I have a room with dips at the 2nd and 3rd axial modes created by a sub on the long wall. The dips at 54Hz and 80Hz were completely unaffected by placing 2x2 RealTrap minis in the two floor tri-corners along that wall (see graph NOT changing by having or not having traps at either end or both). Actually the trace that is 3dB less at 54Hz is actually with no traps at either end.

I know these are good traps because I can listen to bass concentrated in another corner; put in trap and bass boom gone.

Why doesnt' this show up on the REW graphs in this case? I am missing something basic here.


----------



## Diskohouse (Jun 2, 2011)

Have you tried different sub-woofer locations? Have you try to adjust your crossover setting on your main speakers and see if it helps with the dip? Maybe, if you change your crossover point on the main speakers to let say 40 hz, it will help with the dip located at around 55hz. I know that others have mentioned this approach before. It does not hurt to try.....

I tried what I am suggesting out before........and it helped to clear up my dip. With that said, I was not really happy with the way it sounded with LFE, so I changed it back.


----------



## hrpschrd (Sep 16, 2008)

Actually, I have a plan to reduce those dips but my question is why did the traps not have any effect on the room modes?


----------



## JohnM (Apr 11, 2006)

hrpschrd said:


> I have a room with dips at the 2nd and 3rd axial modes created by a sub on the long wall.

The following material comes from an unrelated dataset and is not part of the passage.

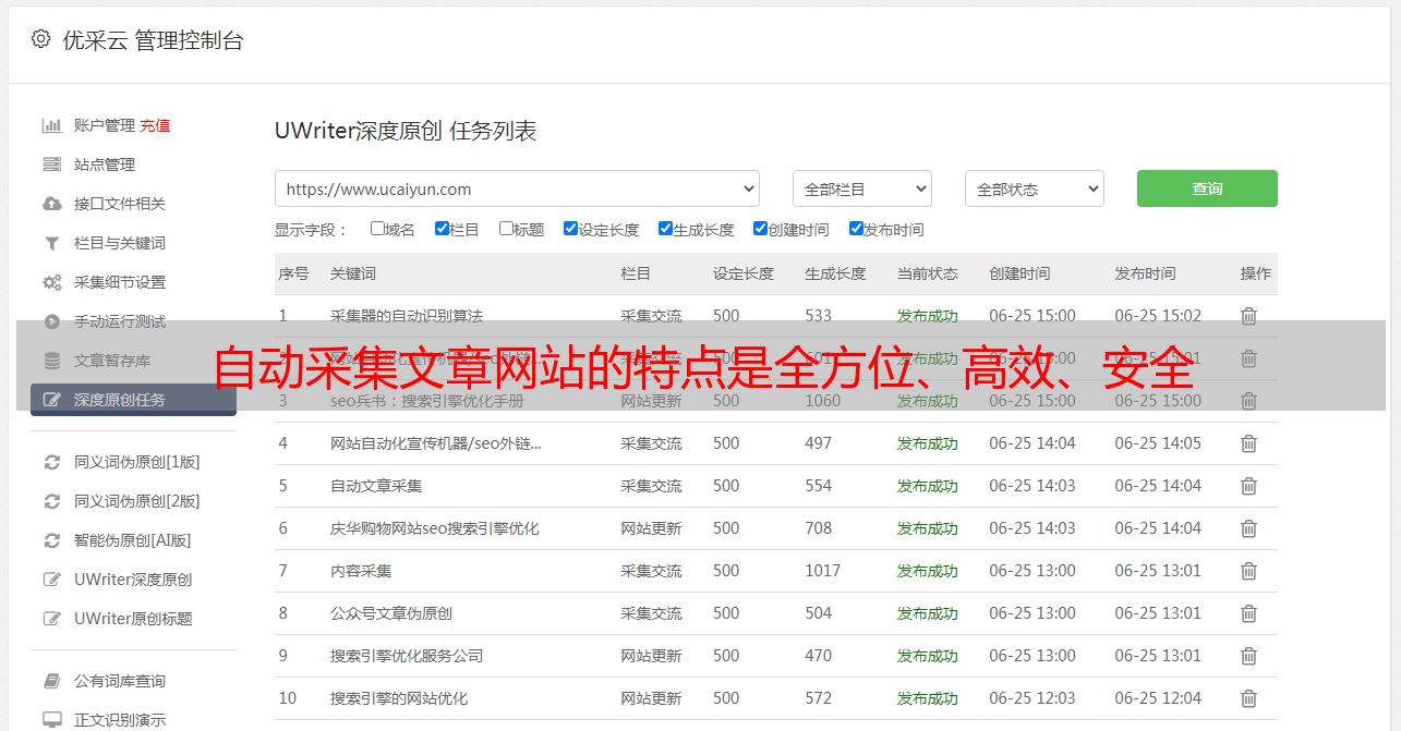 总之,优采云是一款卓越的自动采集文章网站。它具有SEO优化、实时监测、用户行为分析、交互性强、信息准确性高、信息及时性好、将信息及时分享到各大社交平台上等特性。如有兴趣想尝试使用此工具来帮助企业进行信息传播,可以前往官方网址www.ucaiyun.com 进行注册使用。

You are making a bit of an assumption in attributing the dips to specific modes, and another in assuming that placing quite small treatments would have a significant effect at low frequencies. You would need to look at the response to higher frequencies and at the waterfalls to see what effect the treatments had.


----------



## hrpschrd (Sep 16, 2008)

As I suspected: I don't understand the basics properly.

I followed your reference to Paul Spencer's articles and the Harman Calculator. Putting in my measurements, it seems I should have the dips I do have. Is that incorrect? Why are higher frequencies more important? Those are higher modes and therefore smaller effects, right?

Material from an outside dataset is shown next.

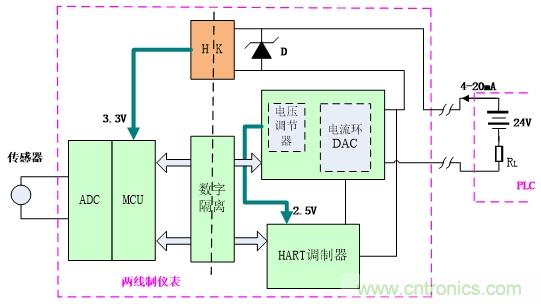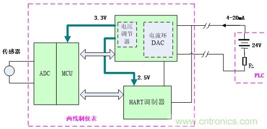 圖一的電路中,傳感器的信號(hào)經(jīng)過ADC轉(zhuǎn)換成數(shù)字信號(hào),再經(jīng)MCU發(fā)送給電流環(huán)DAC及HART調(diào)制器,形成4-20mA的信號(hào)輸出,電流環(huán)DAC從PLC輸出的4-20mA總線上取電,經(jīng)內(nèi)置的電壓調(diào)節(jié)器輸出3.3V及2.5V,給MCU及HART調(diào)制器提供少量的電源。

RealTraps, to mention just one, suggests as many traps as possible but if the effect of traps is additive I would expect to see SOME effect of two traps in the tri-corners (best spots). You seem to be saying that two traps show < 1dB improvement so I (and everyone else) needs dozens of traps?! (I ask as information not as criticism.)

I also want to check a basic assumption: I am using the mode calculator to find the best compromise in placing the listening position, sub, and speakers. I am avoiding dips and peaks in modes. Is that correct?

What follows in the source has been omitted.